I've started reading Harriet Reisen's Louisa May Alcott: The Woman Behind Little Women, and right from the start she's caught my attention. How can you not appreciate an author who on the first page writes:
"Like so many other girls, I fell under the spell of Louisa may Alcott when my mother presented Little Women to me as if it were the key to a magic kingdom. I was taken into Louisa's story so completely that a book with covers and pages has no place in my memory of the experience. While I was there, by my mother's decree, my life was suspended."
The passage actually gave me shivers. I love the idea of a story being so wonderful and captivating that it transcends the physical, a book with pages, and the reader literally falls into the story and becomes part of its world. Those are always the best books and it's not every read that achieves that completeness.
I don't actually remember when I first read Little Women. I think I must have read an abridged version or some sort of junior reader, as it seems I always knew the story, but I don't have a recollection of being swept up in its pages.

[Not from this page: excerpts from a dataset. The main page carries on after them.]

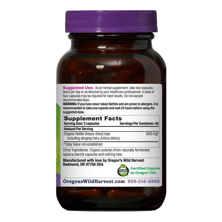 Imagina aliviar tus alergias de manera natural, sin químicos agresivos ni efectos secundarios. Las cápsulas de ortiga orgánica con pelos urticantes de Oregon's Wild Harvest son tu solución. 🌿 Cada cápsula contiene 600 mg de ortiga liofilizada, cosechada en su punto máximo de potencia para ofrecerte el mejor apoyo nutricional.
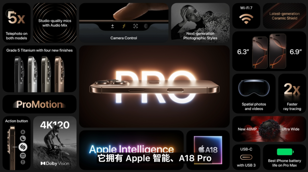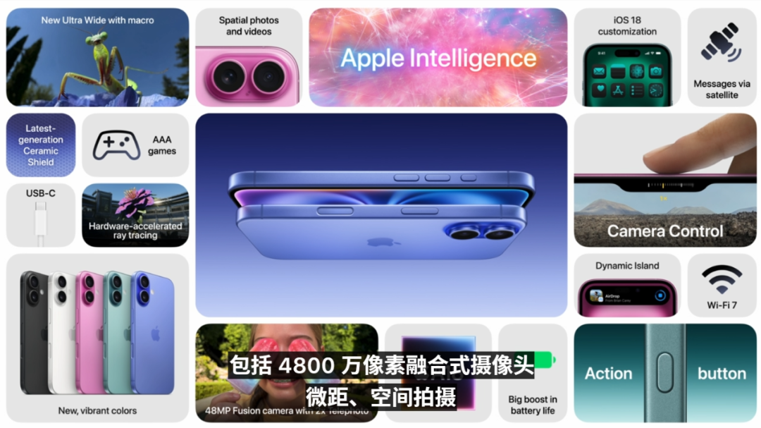 除了這些,還有講了約等於沒講的續航、衞星通信、幾個月前講過的 Apple Intelligence 等功能我就不多囉嗦了。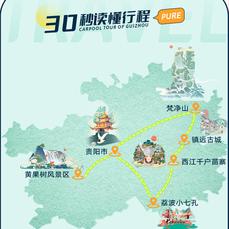 本行程专为差旅人士设计,从贵阳便捷出发,4天内高效覆盖黄果树瀑布、梵净山、荔波小七孔、西江千户苗寨及镇远古镇五大核心景区。路线规划科学,减少无效交通耗时,适合利用周末或短假期完成一次深度度假。独立成团模式保障私密性与灵活性,无论是商务出差顺带放松,还是双人结伴出游,都能在紧凑日程中享受高品质山水人文体验。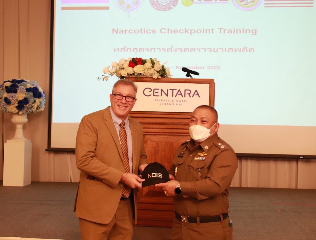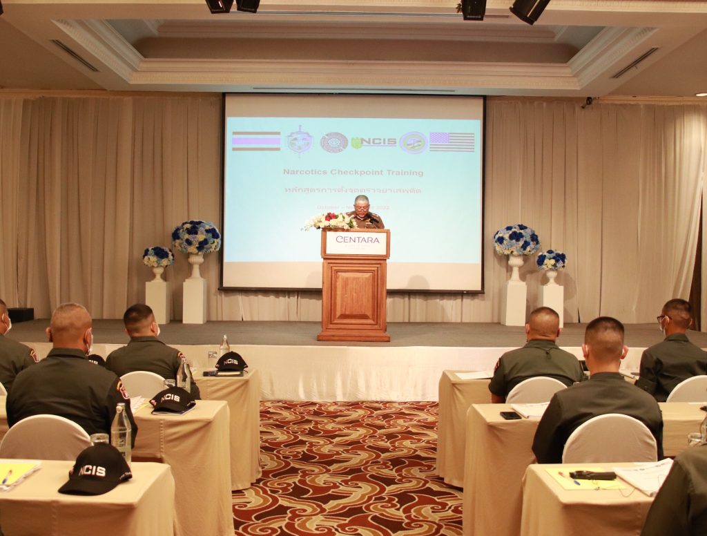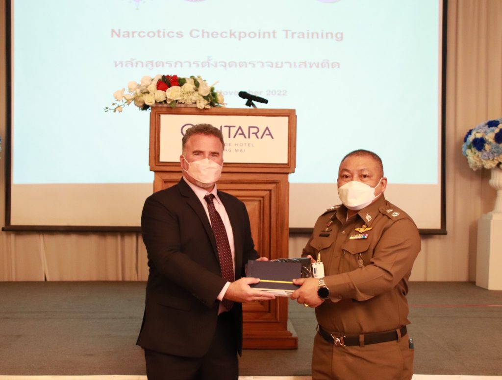 เมื่อ 31 ต.ค.65 เวลา 08.30 น. พล.ต.ต.ประกอบ พลเตชา ผบก.ตชด.ภาค 3 ร่วมกับสถานฑูตสหรัฐฯ ,หน่วยยาเสพติด INL และ หน่วยNCIS เข้าร่วมเป็นเกียรติในพิธีเปิดการฝึกอบรมการตั้งจุดตรวจยาเสพติด (Narcotics Checkpoint Training Course) ณ โรงแรมเซ็นทารา ริเวอร์ไซด์ ถ.เชียงใหม่-ลำพูน จว.เชียงใหม่ ระหว่าวันที่ 31 ต.ค. – 4 พ.ย.65 มีผู้เข้ารับการอบรม ได้แก่ ข้าราชการตำรวจ สังกัด บก.ตชด.ภาค 3 และในสังกัด กก.ตชด.31-34 จำนวน 35 นาย โดยมี พล.ต.ต.ประกอบ พลเตชา เป็นประธานในพิธี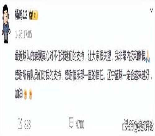 1月26日,遼寧男籃官方社媒發(fā)文,楊鳴正式卸任遼籃主帥的位置,對(duì)此,楊鳴表示:最近球隊(duì)的表現(xiàn)真心對(duì)不住球迷們的支持,讓大家很失望,我非常內(nèi)疚和慚愧。
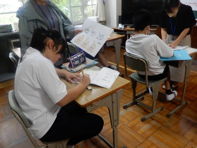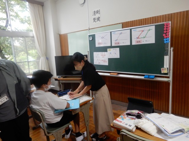 あおば学級の生徒が数学で、錯覚、同位角、対頂角等について学んでいました。それぞれの違いを、パネルなどで確認しながら教えてもらい、自分の中に落とし込んでいるようでした。。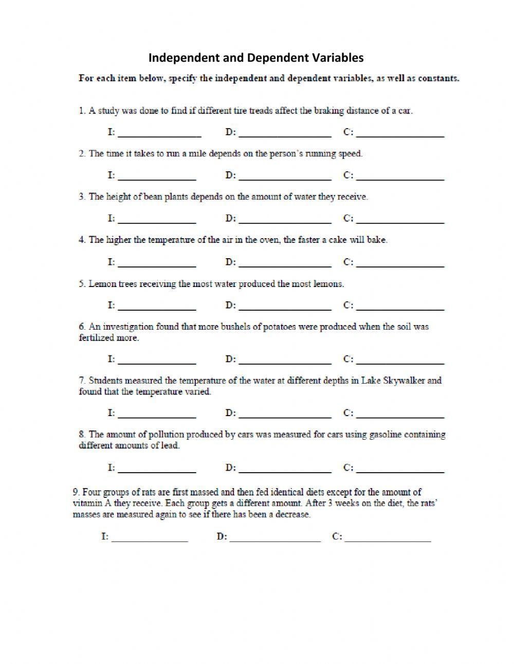 In conclusion, an independent dependent variable worksheet is a valuable resource for students to practice and reinforce their understanding of these essential concepts in scientific research. By engaging with these exercises, students can improve their analytical skills and gain a better grasp of how variables interact in experimental settings. Overall, mastering the concepts of independent and dependent variables is crucial for conducting valid and reliable experiments and drawing meaningful conclusions.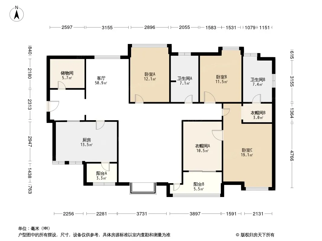 户型齐全,主打户型方正,明卫,独立衣帽间,客厅朝南三居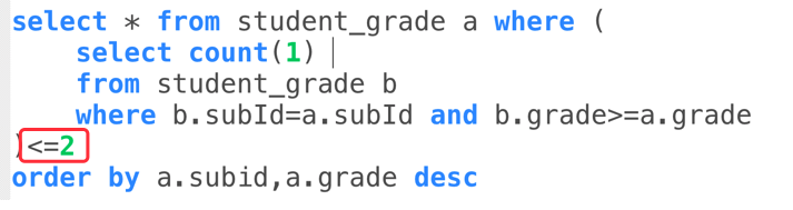 意思是课程1中,有多少个学生的成绩是大于等于93的?结果是2,因为97和93分都大于等于93分。因此满足外层的条件,小于等于2.这样就取出了每门课的前两名。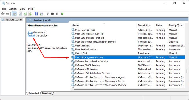Pressione Win + R, digite services.msc e pressione Enter. Pare o serviço do sistema VirtualBox.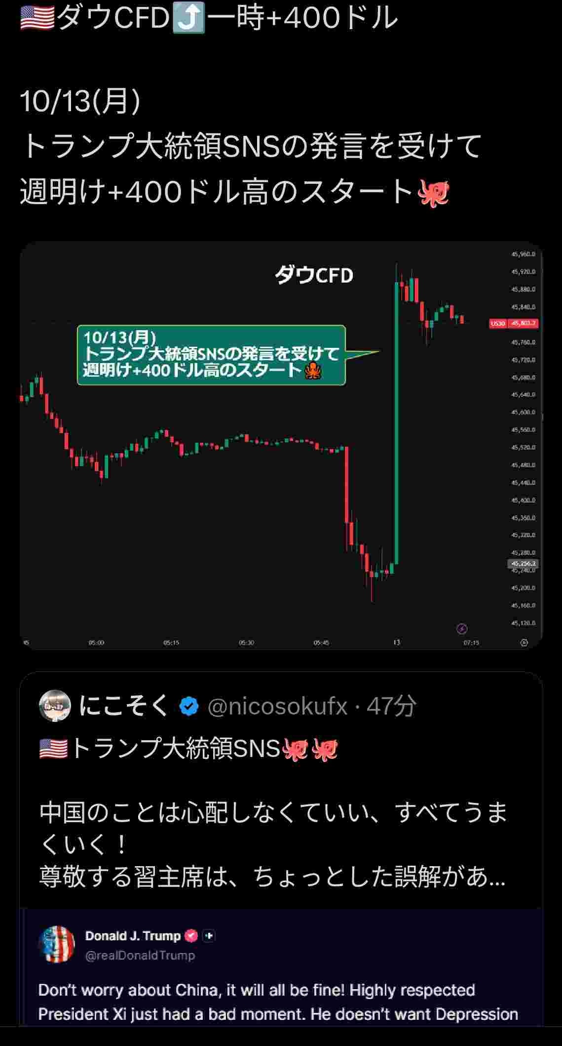 自分の一言で乱高下できるんだからトランプ周辺が負けるわけが無い - 29 : 2025/10/13(月) 07:57:11.236 ID:CYFN/Oegr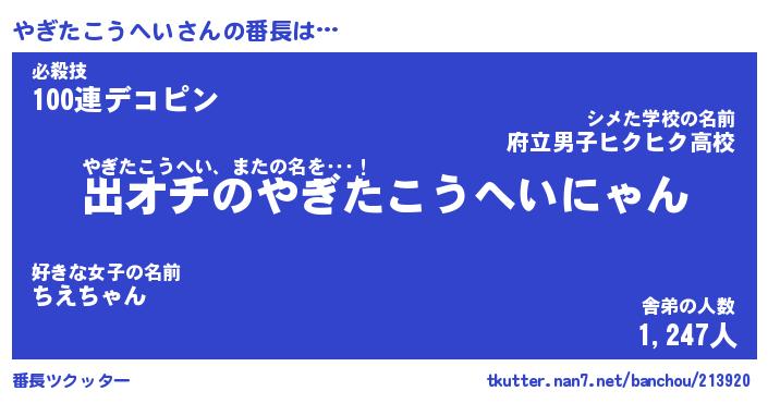 | 意味不明あだ名 | 『ペロリンやぎたこうへい』 |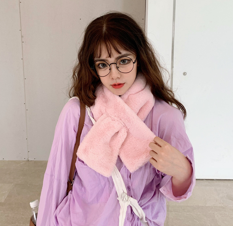 Korean imitation rabbit fur scarves, autumn and winter fur scarves, student fur velvet scarves, winter women's pullover for cold protection and outdoor use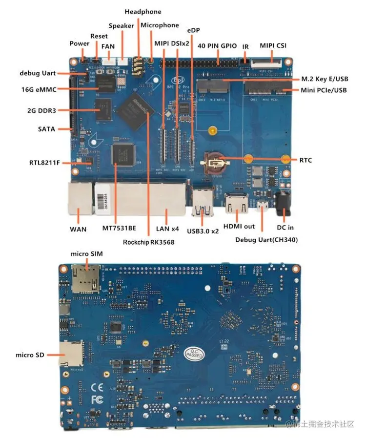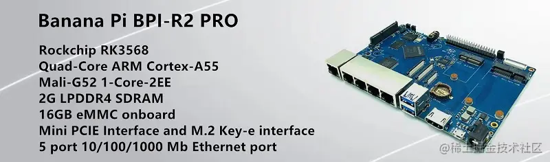 Banana Pi BPI-R2 Pro 开源路由器采用Rockchip RK3568芯片方案设计, 板载2GB LPDDR4内存和16GB eMMC存储,支持2个USB 3.0接口,5千兆网口。M.2 Key-e和mini PCIe接口,2 mipi DSI接口(可通过软件切换LVDS), 1个CSI摄像头接口,1个HDMI输出.支持Android,Linux,OpenWRT系统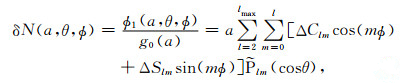 在球坐标系中,在点(rθΦ)现今引力位变化写成: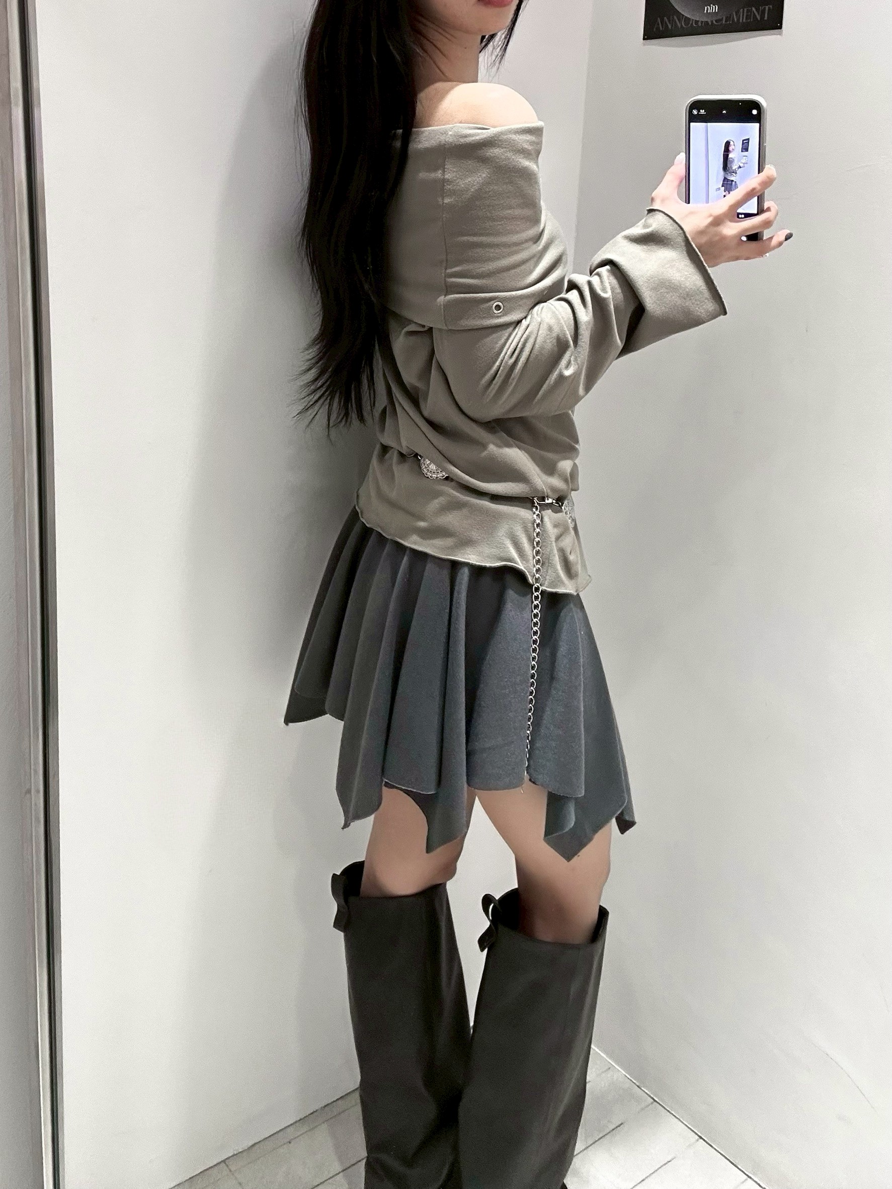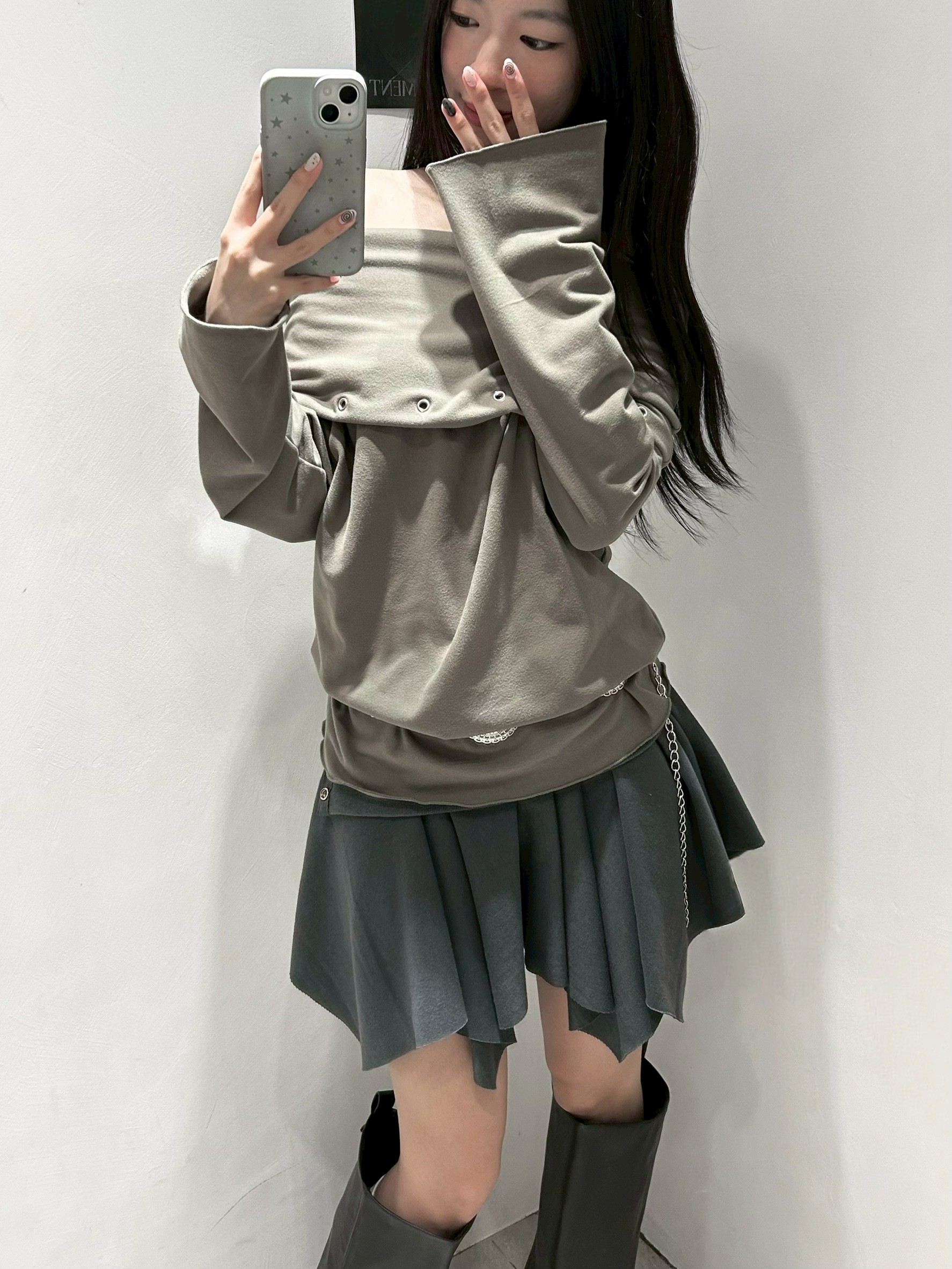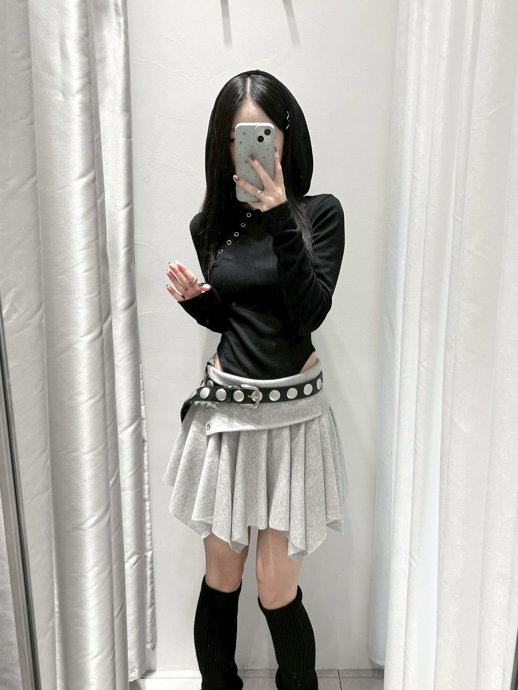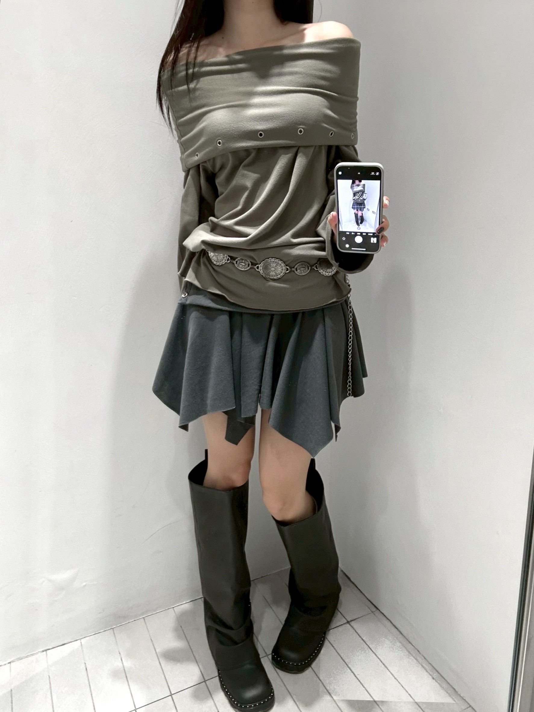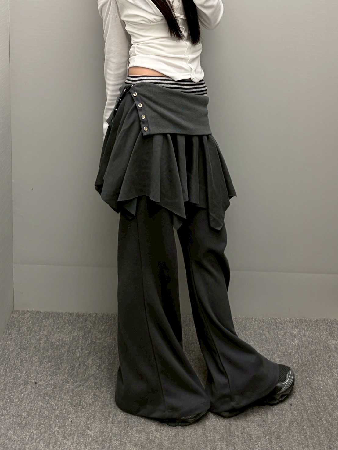 預購銀釦反摺腰不規則下擺短棉裙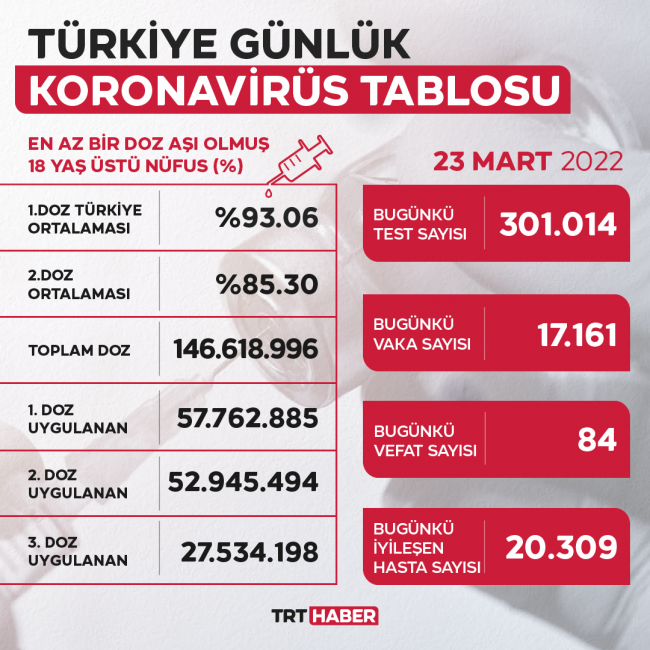 Buna göre, Türkiye'de son 24 saatte 301 bin 14 COVID-19 testi yapıldı, 17 bin 161 kişinin testi pozitif çıktı, 84 kişi hayatını kaybetti, iyileşenlerin sayısı ise 20 bin 309 oldu.
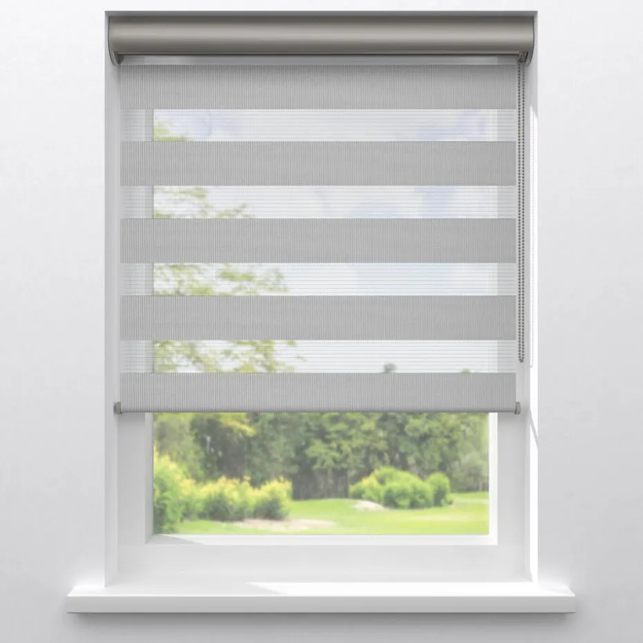 Duo rolgordijn Dean is in de kleur grijs. Door middel van de polyester stof die is opgebouwd uit transparante en ondoorzichtige stroken, in combinatie met een ketting-systeem, kun je de lichtinval en privacy gemakkelijk bepalen in jouw woonkamer of keuken. Dankzij de stofeigenschappen van polyester is het duo rolgordijn makkelijk schoon te maken met een vochtige doek.
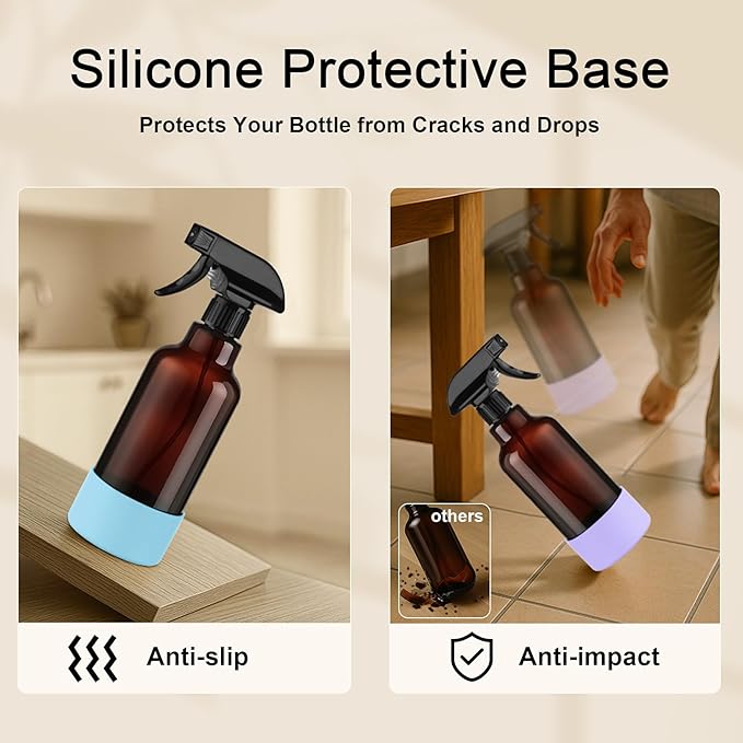 - PREMIUM GLASS SPRAY BOTTLES & STURDY SILICONE SLEEVE: Our glass sprayers are crafted from high-quality material, ensuring for daily use with cleaning solutions, hair products, or plant care. The included silicone sleeve ensures minimizing the risk of breakage and slips, making it safe for daily use.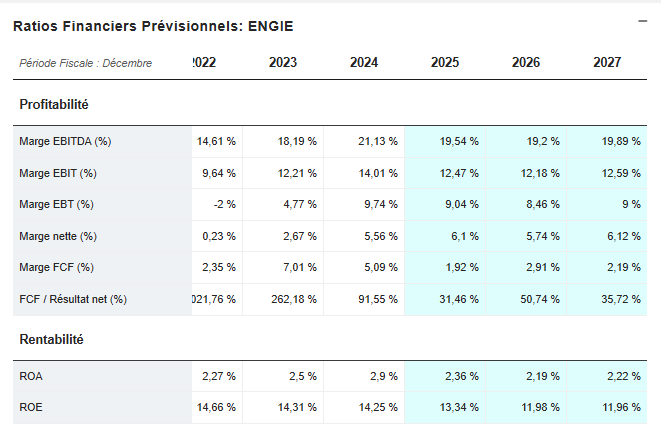 Le ROE grimpe progressivement vers 13 % à horizon 2027, presque au niveau d’Engie, mais avec une stabilité bien supérieure et une dépendance bien moindre aux conditions de marché.

I read it properly just a few years ago and enjoyed it immensely, but I think it probably works its magic best on a younger, fresher reader. Of course this is not to say I didn't appreciate it very much, as I did and have been curious about the woman who wrote it. I decided now's the time to read biography--in anticipation of the documentary airing next month.
It seems Reisen has long wanted to make a film about Louisa May Alcott. She's spent more than twenty years reading Alcott's work and researching her life and finally got together the funding for her project. The book is a result of her work and seems to have been written in conjunction with the making of the film. I've only just started reading, and my teaser is from the first chapter as Reisen introduces the reader to Louisa's mother and father. I find her father, Bronson, especially interesting. He had only a rudimentary education, but but worked hard to educate himself. "They (Bronson and his cousin William) assembled their own library of stray books hoarded by relatives, now and then scraping together enough money to purchase a volume." Imagine scraping money together to buy "A volume". I'm feeling especially fortunate at the moment.
My teaser, however, is about the school Bronson worked at and the innovations he tried.
"At last Bronson landed a teaching job at the Cheshire public school. Eagerly he set out to overturn education as he had known it. He transformed the Spartan schoolroom along Athenian lines, dignifying his students as he added backs to the uncomfortable benches, improved the lighting and heating, and provided individual slates for writing, paying for it all himself. He banished rote learning and memorization that suffocated curiosity, and avoided corporal punishment in favor of more respectful forms of social organization, including an honor system. He elicited his pupils' opinions, guiding their discussions along Socratic lines, posing questions rather than imparting facts."
The educational system was quite different than how we know it now, wasn't it? Bronson seems a fascinating individual, but why do I think the Alcott's lives were on the tumultuous side? I'm not as familiar with Louisa's story or the Transcendentalists or the life stories of any of the other authors working at that time in New England for that matter (what little I learned in high school has long since faded away). I'm hoping this will be a good introduction to this period and I feel another reading tangent coming on. First, though, I'm off to read about Louisa May Alcott!